Что ж, я привык воспринимать ситуацию философски и просто отстранённо созерцал происходящее. Надеюсь, хотя бы моя Милка проскочит эти жернова легко — она — то всегда ответственно и вдумчиво училась на отлично. Вот и сейчас окончание многодневных трудов стало для неё праздником — на встречу она пришла в парадной белой блузке, выгодно подчёркиваюшей её крупную упругую грудь, короткой плиссированной юбке а-ля «японская школьница»; композицию дополняли удачный макияж и стрижка. Вместо колготок одеты чулки и, конечно, сексапильный чёрный комплект нижнего белья. Дело в том, что после всяких занудных дел, в успехе которых Милка совершенно не сомневалась, продолжение планировалось в клубе-ресторане с переходом в романтически-интимный вечер.

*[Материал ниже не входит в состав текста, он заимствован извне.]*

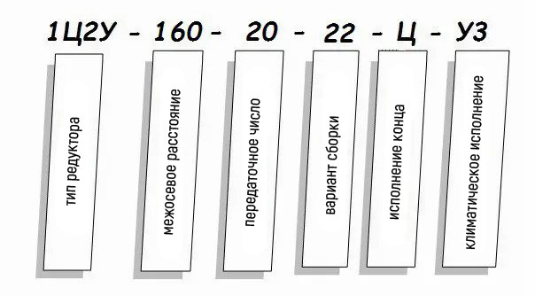 Редуктор 1Ц2У-160-20-22 може мати вказану в даному типорозмірі складання номер 22, для якого характерне колінеарне розташування валів, розміщених у корпусі паралельно один одному.
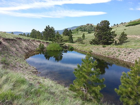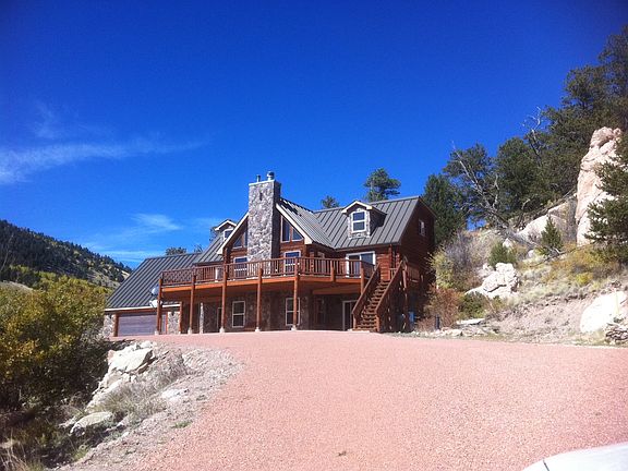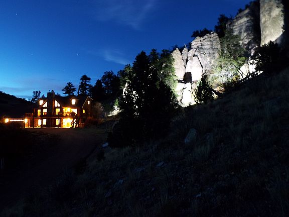 Quality log home lived in only briefly. Sits on a breathtaking 36 usable acres flushed to huge rock formations w/incredible views of the mountain range. Large seasonal pond set among gentle rolling hills. Rock formations light up, spectacular to see! Finished walkout basement includes a large bedroom, large storage area, family room with a 2nd fireplace, full bath, laundry and a large area for office or a larger FR. Bedroom has double French doors to just open up them to combine with the FR for one large recreation area. Home has nice use of space and is a nice mix of some log accent with regular wall space. Great room on main level with cat walk above where you'll find 2 good size (17 by 13) bedrooms and a full bath. Fireplace in great room, kitchen has granite counters with under lighting, new commercial grade carpet, antique style sink bases in 2 of the bathrooms, stained glass doors, granite shower in master bedroom, window seats in upper bedrooms. Well pumps 7 GPM, 1,000 gallon backup cistern tank, propane tank is owned. 2 car attached garage and huge breezeway attached to the home for easy access to home.Garage is 2 story w/2 windows and can easily be finished on the top portion for a workshop, home office or guest quarters. Large wrap around deck with access from the kitchen and main level bedroom. Main level bedroom has its own bath. Located in a gated ranch with good road maintenance year round. Total privacy and serene. One of a kind log home and setting that is hard to find!
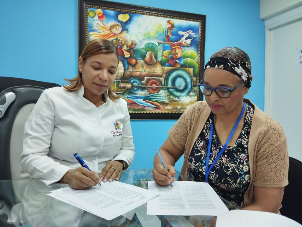 El acuerdo fue rubricado por la directora del hospital pediátrico Arturo Grullón, Dra. Mirna López y la directora del plantel educativo, Licda. Felicia Hernández González, MA, para que dichos jóvenes/estudiantes tengan la oportunidad de iniciar las pasantías/prácticas en el hospital pediátrico.
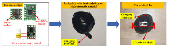 An intelligent aggregate (IA) with a particle size of 20 mm was prepared with an attitude sensor, micro power supply module, and wireless transmission module (transmitter). The IA is a design involving integration of the off-the-shelf electronic components that are commercially available. The IA was encapsulated using 3D printing technology (controlling the shape of the IA) and high-strength and high-temperature-resistant materials (ensuring the mechanical strength and signal stability of IA). The compressive strength of the finished IA can reach 80 MPa. The micro power supply module has the function of a remote switch, and the data acquisition interval can be controlled by software programming to ensure the long-term endurance of the IA. The IA can output its own data for three-axis acceleration and the three-axis attitude angle, and the preparation process is shown in Figure 3.
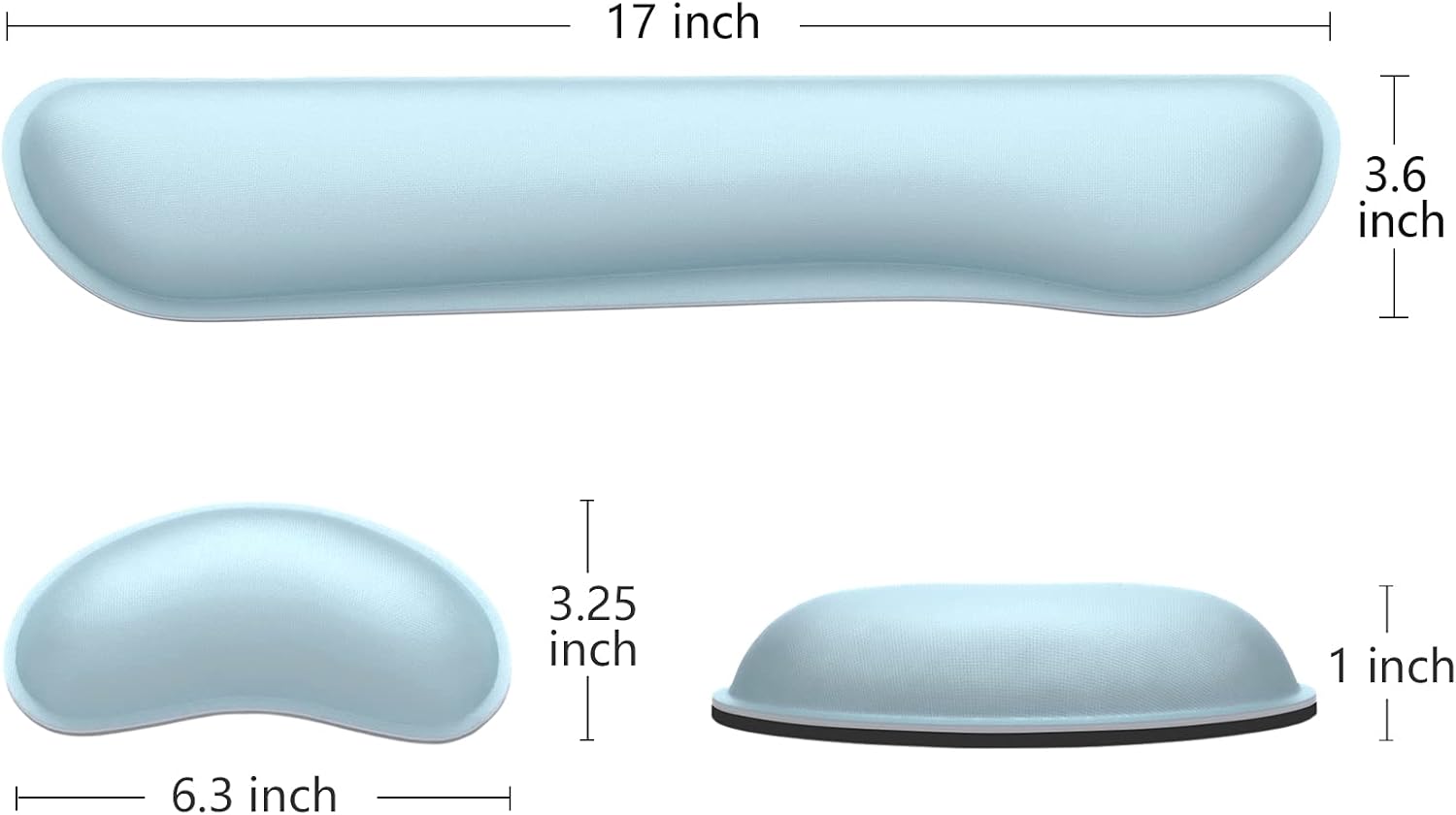 - Enlarge Thicken Size:2-in-1 wrist rest set to provide double delighted experiences and save your time in purchase them separately. 17*3.6*1 inch keyboard wrist rest pad and 6.3*3.25*1 inch mouse wrist pad offers more support to your wrist
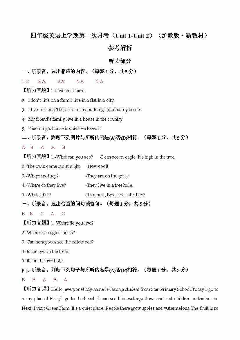 四上沪教第一次月考(Unit1-Unit2)(参考解析)
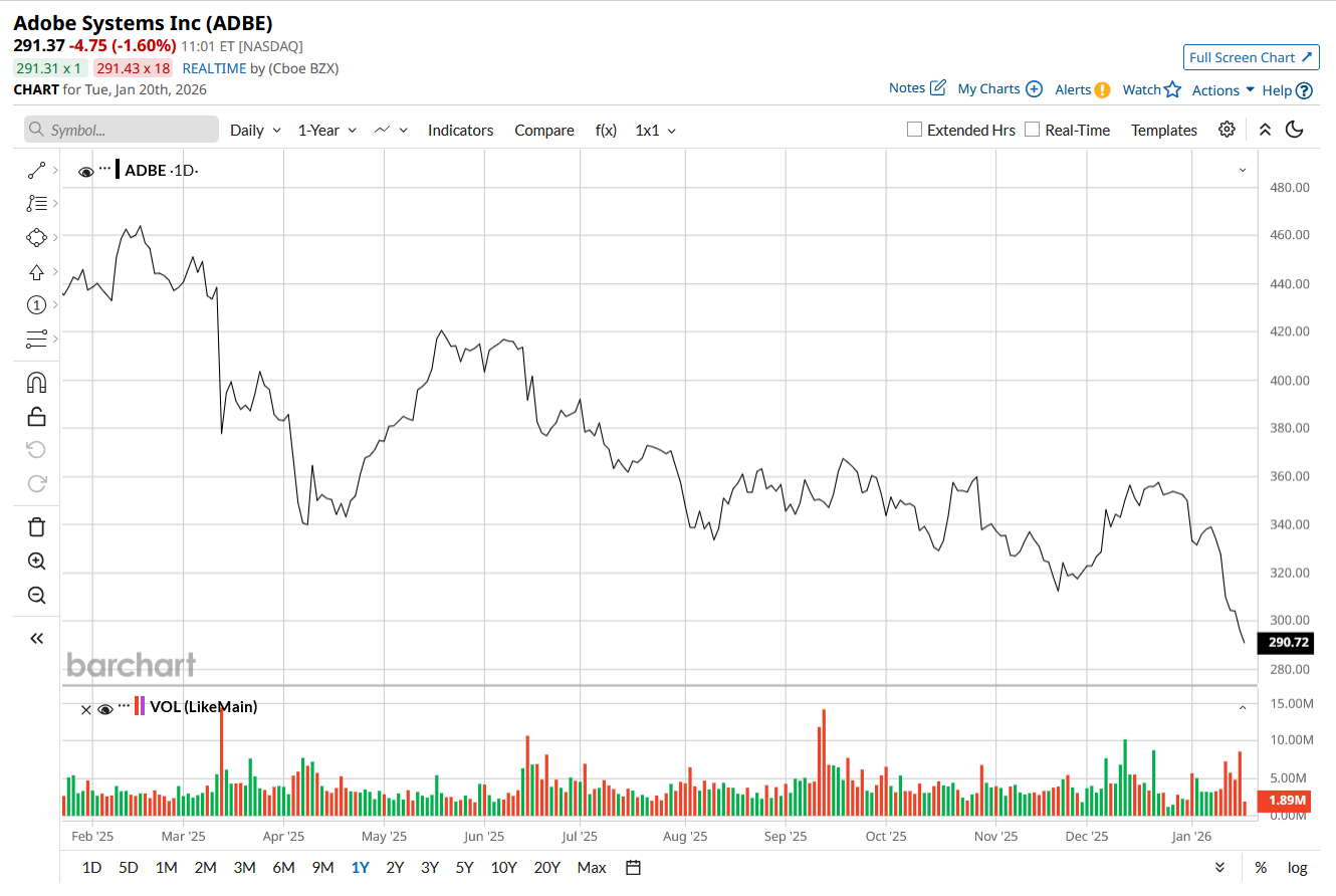 Its mean price target of $436.21 represents a potential upside of 50% from its current price of $291, implying significant recovery potential as analysts bet on Adobe's AI adaptations driving future earnings growth.
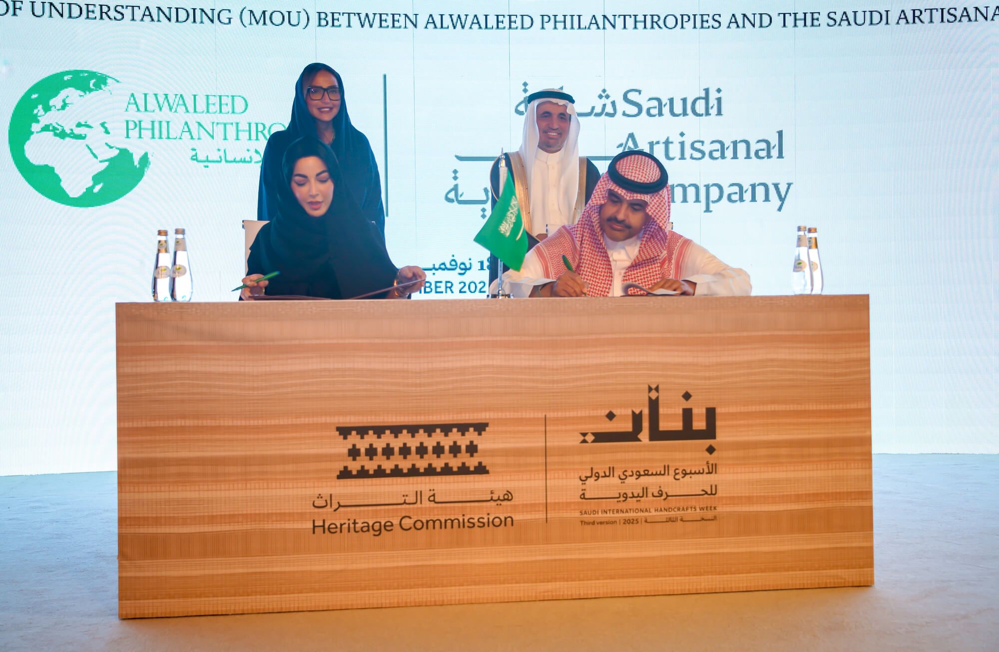 وقّعت مؤسسة الوليد للإنسانية، والتي يرأسها صاحب السمو الملكي الأمير الوليد بن طلال آل سعود، وشركة حرف السعودية، مذكرة تفاهم تهدف إلى دعم وتمكين الحرفيين السعوديين وتطوير المنتجات الحرفية المحلية عبر برامج ومبادرات مشتركة تُسهم في تحقيق الاستدامة الاجتماعية والاقتصادية، انسجامًا مع مستهدفات رؤية المملكة 2030 في دعم الصناعات الثقافية وتمكين الكفاءات الوطنية.

И вот теперь эта перспектива откладывалась всё дальше и дальше, заставляя меня нервничать и задумываться больше о жратве, нежели о возвышенных плотских утехах. Наконец, за дверью послышался знакомый стук каблучков, и моя дорогуша буквально вылетела из кабинета, и практически не задерживаясь, сбежала вниз по лестнице. Что ж, после стольких минут мозготраха это вполне ожидаемая реакция — я рысью поскакал к машине — открывать двери, заводить, встречать — всё как обычно. Необычности начались, когда мы уже отчалили от сумрачных стен альма-матер. Краснея, бледнея и запинаясь, Милка поделилась новостью о том, что её научный, старый пень, предпринял попытку её подомогаться — так я, по крайней мере, понял сначала.
Первой реакцией было побежать разбираться. Однако подруга попросила ничего пока не делать — выслушать историю до конца. Оказывается, этот занудный научный хрыч оказался вовсе не чужд разного озорства, хотя исполнил всё совсем непривычным способом. Он долго «ездил по ушам» по поводу слабости работы Милки, явно давая понять, что неплохо бы проявить ещё какие-либо способности, кроме тяги к знаниям. Направление этих затей стало ясно, когда он недвусмысленно положил ей руку на обтянутуе нейлоном колено, причём опасно близко к краю юбки, и в следующюю секунду, словно не сдержавшись, сдвинул руку вверх, обнажив узорную резинку чулка.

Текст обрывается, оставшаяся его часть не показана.